Clay backtracked into his new quarters and grabbed a pair of work gloves from his duffel. He joined her at the back of her truck when she returned.
She stopped in her tracks when she saw him. She looked more than surprised, her blue eyes wide with shock. It was almost as if she’d seen a ghost. “Nate didn’t mention he had a new hand,” she said, eyeing the work gloves.
“I’m Clay,” he said, introducing himself. “Let me give you a hand here.”
“I have it,” she said, moving past him to the truck. She jumped up on the tailgate and pulled another bale toward her.
Clay ignored her dismissal, but he smiled at the sight of her hefting that heavy bale and marching into the stable. She was wearing a denim jacket and he would bet that underneath it she had some shoulders and guns on her that other women would kill for. And that tight round butt in a pair of jeans was pretty sweet, too. But the kid didn’t make five and a half feet even in her cowboy boots. Tiny. Firm. Young.
He grabbed two bales and followed her into the stable. She actually jumped in surprise when she turned around and found him standing there behind her with a fifty-pound bale in each hand. She seemed to struggle for words for a second and finally settled on, “Thanks, but I can handle it just fine.”
“Me, too,” he said. “You do the feed delivery all the time?”

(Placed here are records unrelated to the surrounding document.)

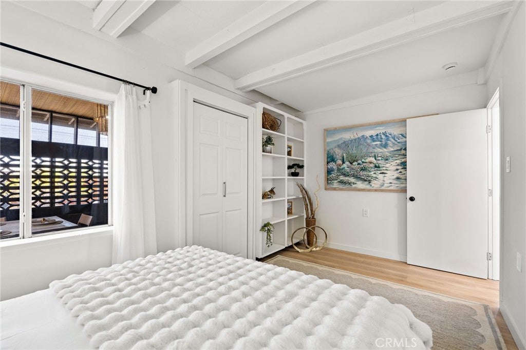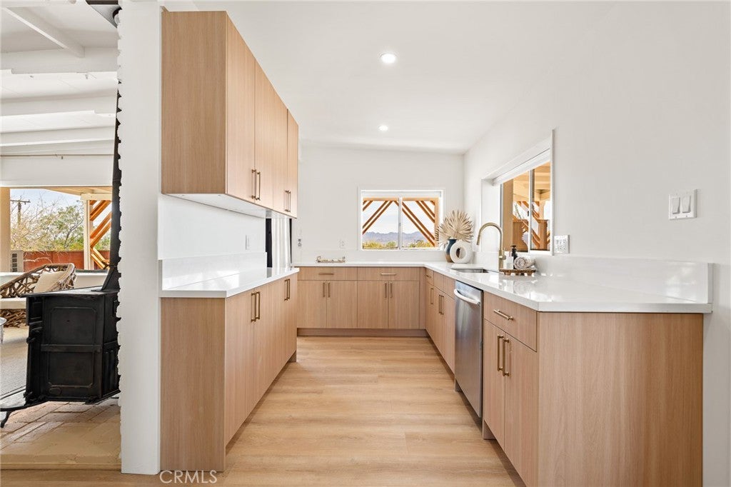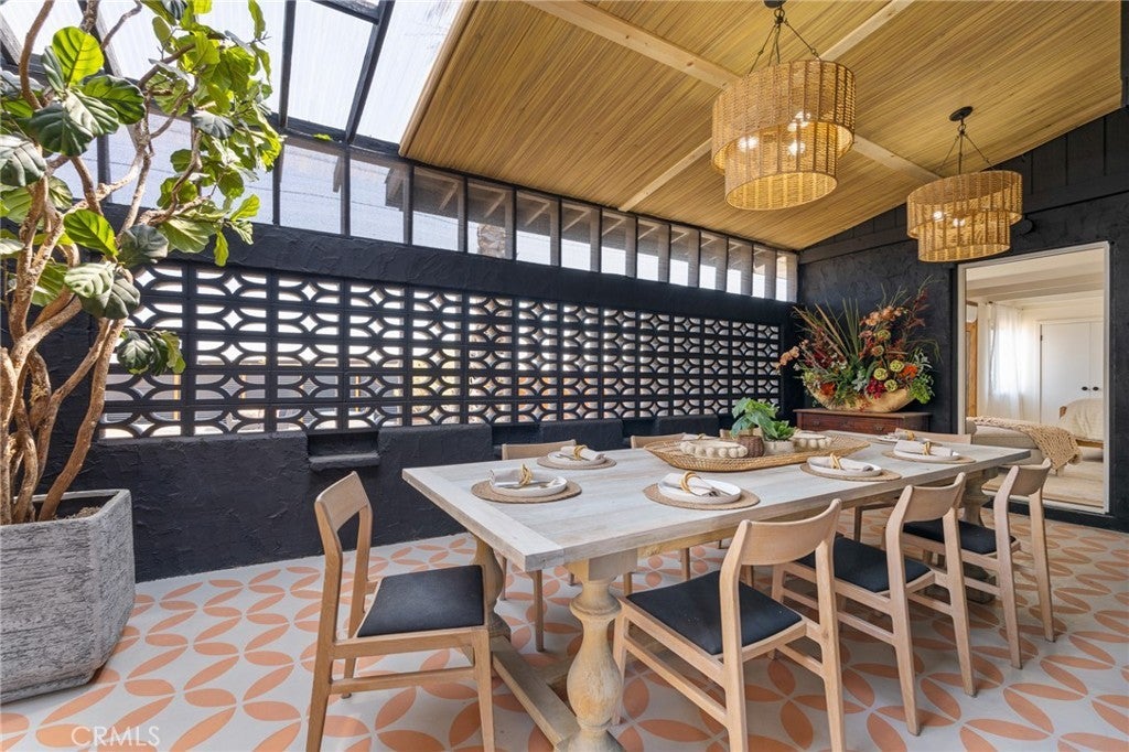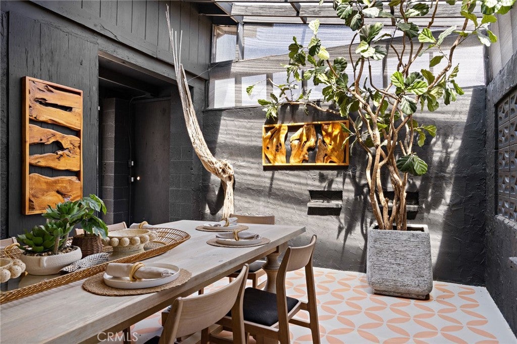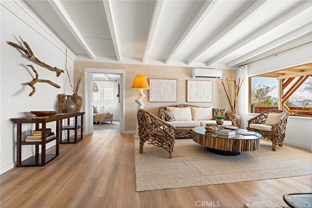 Set on 4.5 acres just minutes from the heart of Joshua Tree, this charming two-bedroom home offers a rare blend of character, space, and quiet desert beauty. Tucked away with paved road access yet only five minutes from downtown shops and dining, it’s the kind of place that feels both connected and completely your own. Inside, the home has been thoughtfully updated with a remodeled kitchen and bathroom, new flooring, and a warm, cohesive design that honors its original charm. Natural light pours in from every angle, filling the space with an easy, inviting energy throughout the day. The primary bedroom opens to a unique outdoor atrium—an intimate, private space that blurs the line between indoors and out. The home is equipped with solar, helping to offset energy costs and enhance overall efficiency. The garage has been reimagined into a flexible bonus space, ideal for a home office, creative studio, or overflow guest quarters, enhancing both form and function. Outdoor living is where this property truly comes to life. A large front porch overlooks the National Park ridgeline, offering a front-row seat to moonrise and ever-changing desert skies. The grounds are dotted with thoughtfully designed spaces, including a private front courtyard and a landscaped backyard that invite creativity and quiet moments in nature. Unwind beneath the shaded pergola, soak in the outdoor tub under a sky full of stars, and take in endless sunset views across the open land. With multiple outdoor environments designed for relaxation and inspiration, this property lends itself beautifully to a vacation home or high-performing short-term rental. With room to expand, explore, or simply breathe, this is a place to slow down and settle into the rhythm of Joshua Tree living.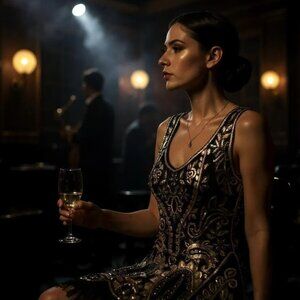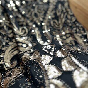 Step back in time with this glamorous 1920s-style dress, featuring shimmering gold sequins and elegant black fringe detailing that capture the essence of vintage evening fashion. Perfect for themed events or costume parties.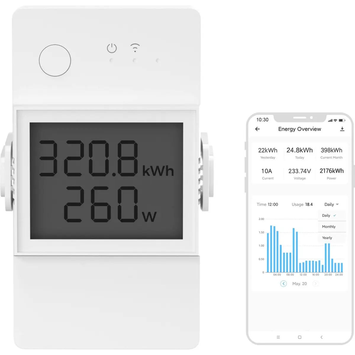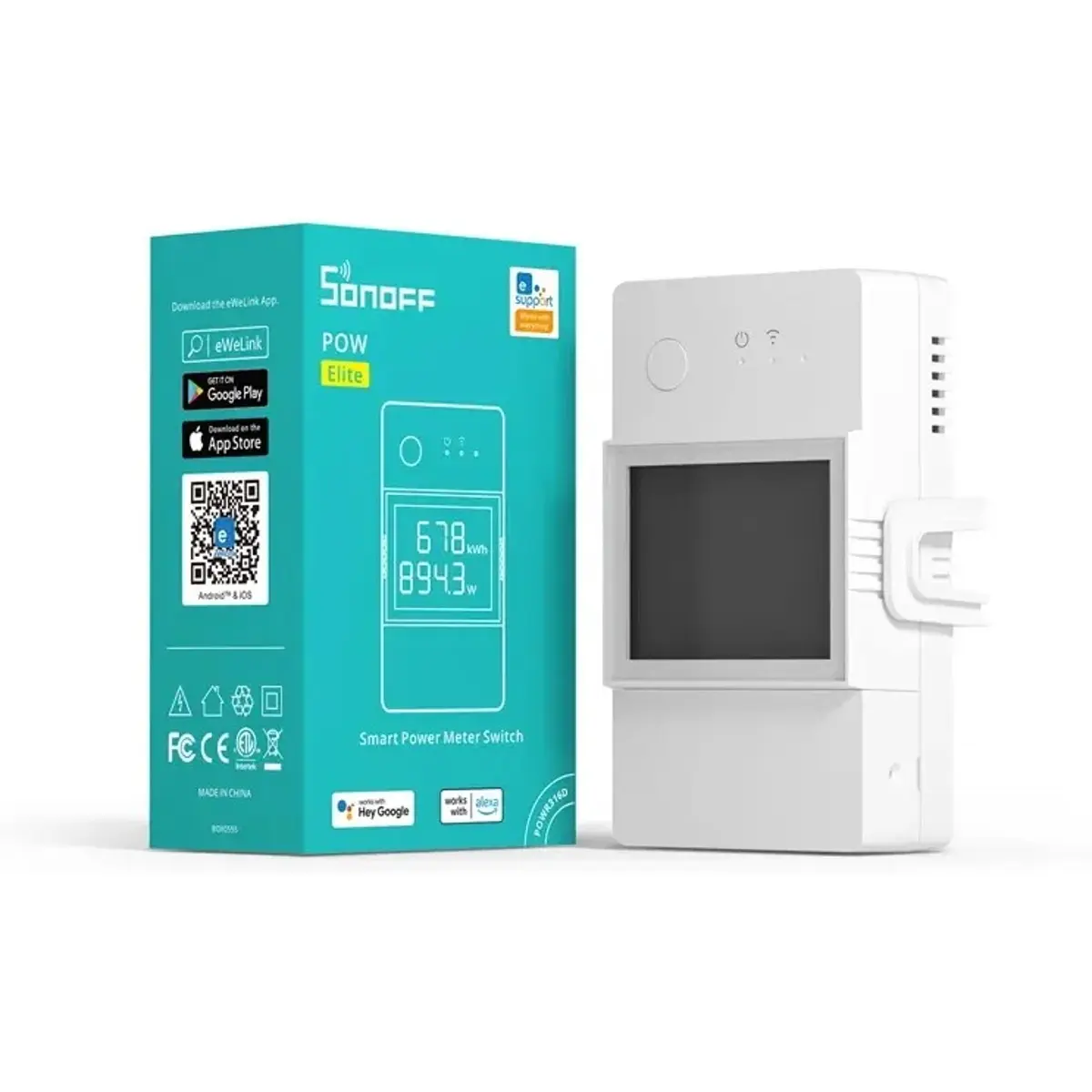 O SONOFF POW Elite 16D (POWR316D) é um relé inteligente com conectividade Wi-Fi e medição de energia. Está equipado com um ESP32, recém-atualizado, 200% mais rápido que o chip do modelo anterior e um display LCD que mostra (alternadamente) a potência/energia e a tensão/corrente

“Mondays and Thursdays,” she said, lowering her gaze and quickly walking around him, back to the truck. She reached in after another bale, leaving only a couple of feed bags in the back.
He followed her. “Do you have a name?” he bluntly asked.

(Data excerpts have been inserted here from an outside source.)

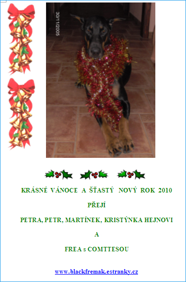 Stejně jako v posledních několika letech, i letos budeme mít pro vás přehlídku nejrůznorodějších vánočních přání, které nám zaslali naši přátelé či kolegové kynologové chovající nejrůznější plemena. Nová aktualizace bude vždy označena tučnými písmeny AKTUALIZACE s příslušným datumem + bude změněna hlavní fotka tohoto článku.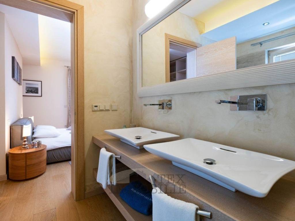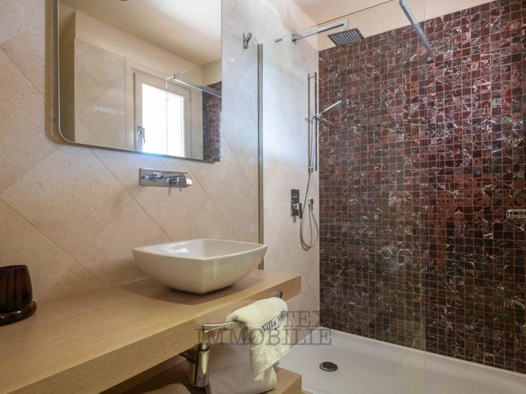 Eine elegante Steintreppe führt in das Obergeschoss, wo sich zwei weitere großzügige Schlafzimmer befinden, jeweils mit eigenem Badezimmer – eines mit Dusche, das andere mit Hydromassage-Badewanne für maximale Entspannung. Beide Schlafzimmer verfügen über einen Zugang zu einer großen Terrasse mit herrlichem Blick auf den Garten und den Pool. Die Terrasse und der Poolbereich sind zudem über eine Außentreppe aus Stein erreichbar.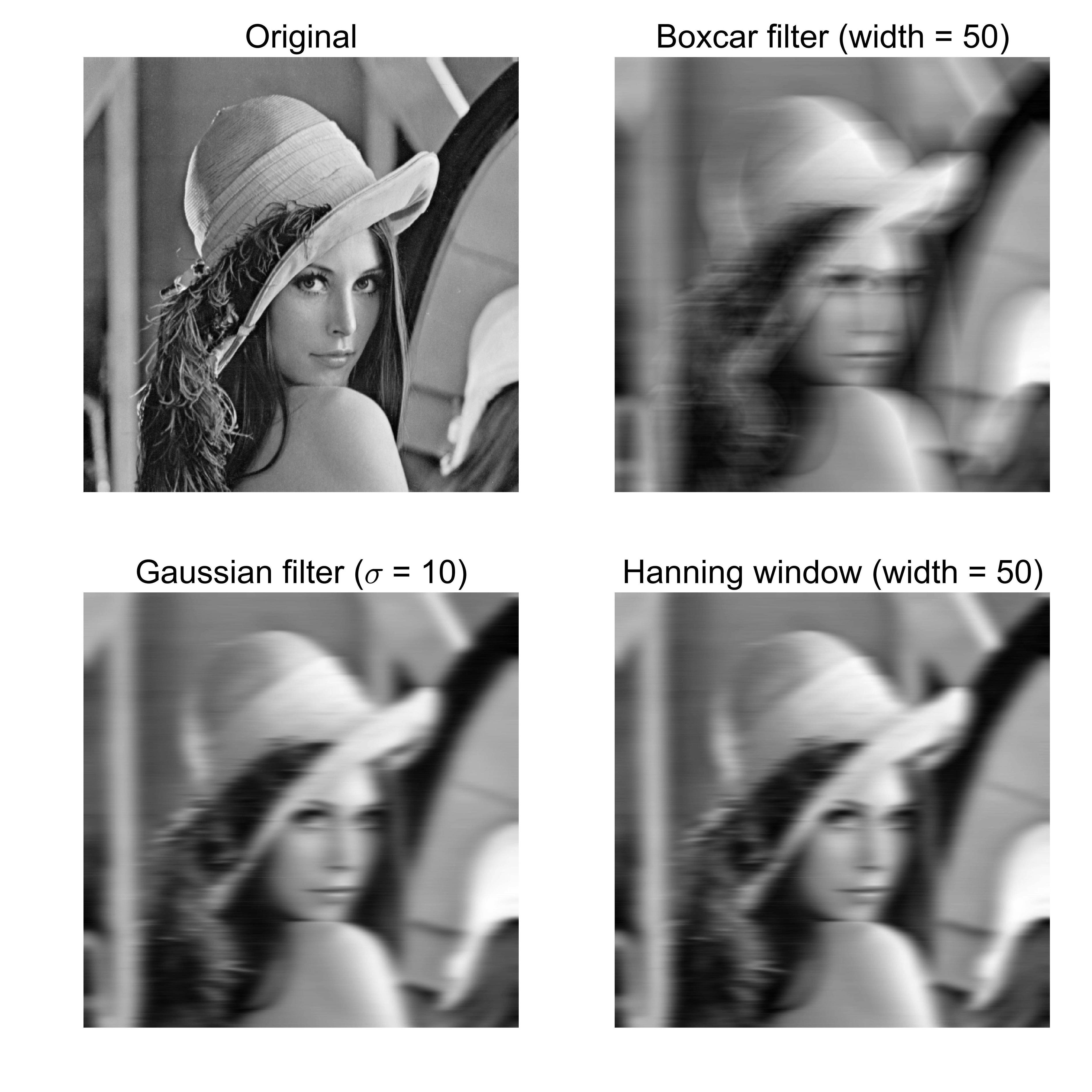 hanning = ndimage.convolve1d(img, kern, 1)以下是各种输出的样子: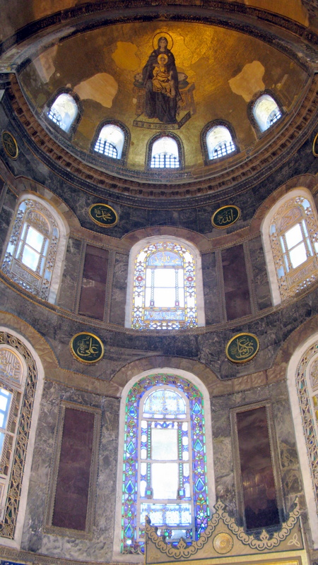 Biz geçen haftasonu yukarıda dediklerimin hepsini yaptık. Tramvayla Sultanahmet’e gelip, müze kartımızı Aya Sofya’dan aldık ve içeri daldık. Aya Sofya’nın 532-537 yılları arasında 10.000 işçi ve 100 usta tarafından yapıldığını biliyor muydunuz? Fatih İstanbul’u fethedene kadar Rum Ortodoks Patrikhanesi buradaymış. Fatih ilk iş burayı camiye dönüştürmüş. 1935 senesinde Atatürk tarafından müzeye çevirmiş. Tahmin edebileceğiniz üzere içeride Türkten çok yabancı turist var.
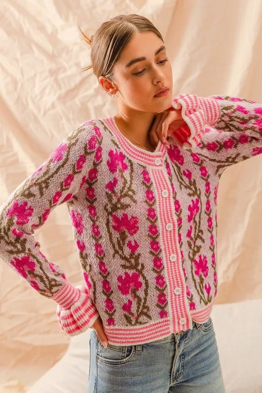 SO ME Floral Intarsia Button Up Sweater Cardigan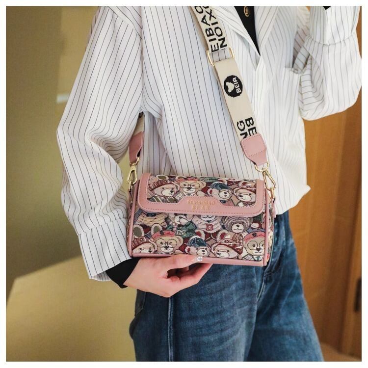ショルダーバッグ バッグ レディース 肩がけ スクエア ファスナー かわいい 大人可愛い お洒落 レトロ こなれ感 ラブリー キュート 主役級 存在感 個性的 クラシック くま 総柄 デート お出かけ イベント リゾート お買い物 女子会 休日 ランチ会 レストラン 普段使い コーデ スタイル モテ 甘めコーデ 春 夏 秋 冬 シーズンレス お食事会 ピンク ブラウン ネイビー 定番カラー | Reluci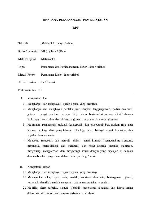 (DOC) CONTOH RENCANA PELAKSANAAN PEMBELAJARAN (RPP | ronny ... (Iva Gutierrez) Standar Kompetensi Menentukan unsur dan bagian-bagian lingkaran serta ukurannya. Inti, berisi aktifitas siswa dalam proses pembelajaran untuk mencapai kompetensi dasar dengan menggunakan metode. Rencana Pelaksanaan Pembelajaran (RPP) adalah pegangan seorang guru dalam mengajar di kelas.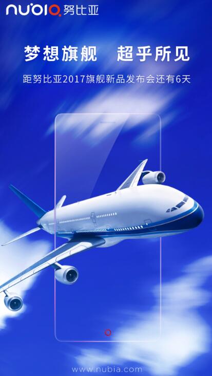 【CN314智能生活】距离6月1日努比亚新旗舰Z17发布会还有6天时间,有网友在努比亚官微中发现了努比亚的官方倒计时海报。海报中,一架喷气式客机在烂田中翱翔,朵朵白云从四周掠过,给人一种很强的视觉冲击力。很多网友都好奇,努比亚本来是要发布一款手机,为什么要拿飞行器当做海报的主体?

“Lilly,” she said, pulling that bale toward her out of the truck bed. “Yazhi,” she added with a grunt.
“You’re Hopi?” he asked. His eyebrows rose. “A blue-eyed Hopi?”

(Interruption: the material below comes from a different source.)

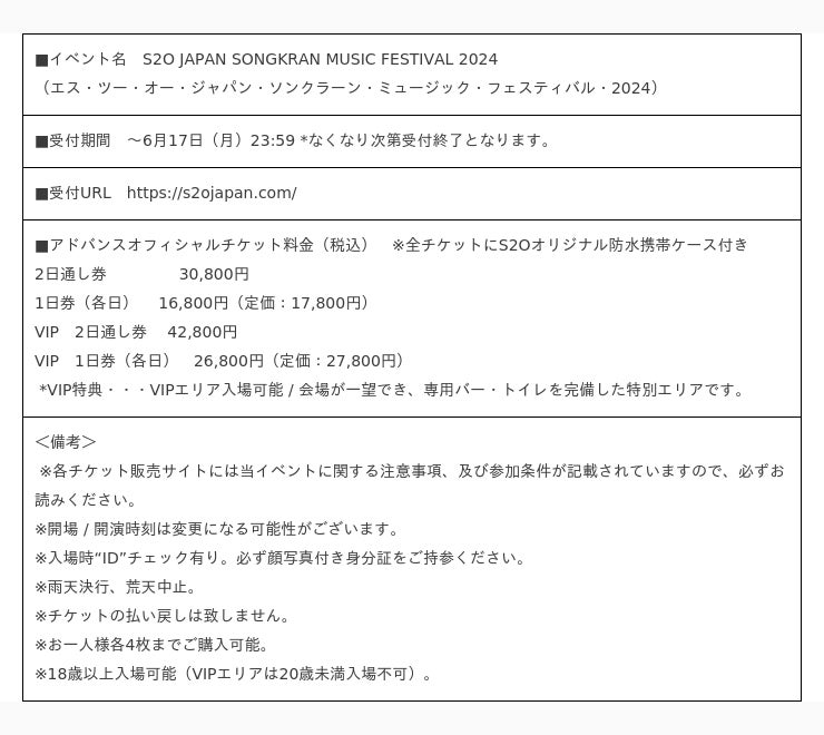 ■主催:S2O JAPAN SONGKRAN MUSIC FESTIVAL 2024実行委員会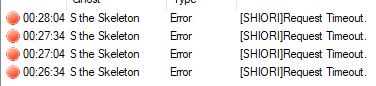 The events are firing now! But there are some new issues. On windows 10, it seems that every once in a while when the screensaver ends, my main ghost will disappear (I am currently running 4 ghosts). If I have Tama open, SSP will freeze. It will give me error messages every minute or so, and I managed to get the error log open to view these errors. I couldn't do anything else besides force SSP to close. If I do not have Tama open, everything will run normally, but my main ghost will be gone. Script input, surface test, and running events from the right click menu do nothing to help. It won't even reload the ghost. I did find that minimizing and unminimizing the ghost will bring it back, as will allowing the screensaver to run again. This was difficult to test, since I have to wait for the screensaver to happen and the issue doesn't happen every time, so it's possible that I just got bad luck and it isn't actually related to Tama. On windows 7, things are a bit different. My ghosts seem to interrupt the screensaver as soon as it occurs, though they will still use both of the events. Sometimes the ghost would disappear similar to how it did on windows 10, though at one point I had it alternating between two ghosts. Unsure how or why this happened, possibly because I don't have any ghost selected as the default ghost on that installation of SSP? With Tama open, it did eventually freeze and start putting out errors to the error log like before. So far without Tama open, it hasn't crashed, even though the ghosts sometimes disappear. I'll update this if I notice any new behaviors. |

She hesitated before answering. You had to have blue-eyed DNA on both sides to get more blue eyes. Lilly’s father was unknown to her, but she’d always been told her mother had always believed herself to be one hundred percent Native. “About half, yes,” she finally said, hefting the bale. “Where are you from?”
“Flagstaff,” he answered.
“Navajo?” she asked.
He smiled lazily. “Yes, ma’am.”
“We’re historic enemies.”
He smiled enthusiastically. “I’ve gotten over it,” he said. “You still mad?”
She rolled her eyes and turned away, carrying her bale. Little Indian girl didn’t want to play. Once again he couldn’t help but notice the strain in her shoulders, the firm muscles under those jeans. “I don’t pay attention to all that stuff,” she said as she went into the barn.
Clay chuckled. He grabbed the last two bags of feed, stacked one on top of the other and threw them up on a shoulder, following her. When he caught up with her he asked, “Where do you want the feed?”
“Feed room, with the hay. When did you start here?”
“Actually, today. Have you been delivering feed long?”
“Part-time, a few years. I do it for my grandfather. He owns the feed business. He’s an old Hopi man and doesn’t like his business out of the family. Trouble is, there’s not that much family.”
Clay understood all of that, the thing about her people and family. First off, most people preferred their tribal designation when referred to, and family was everything; they were slow to trust anyone outside the race, the tribe, the family.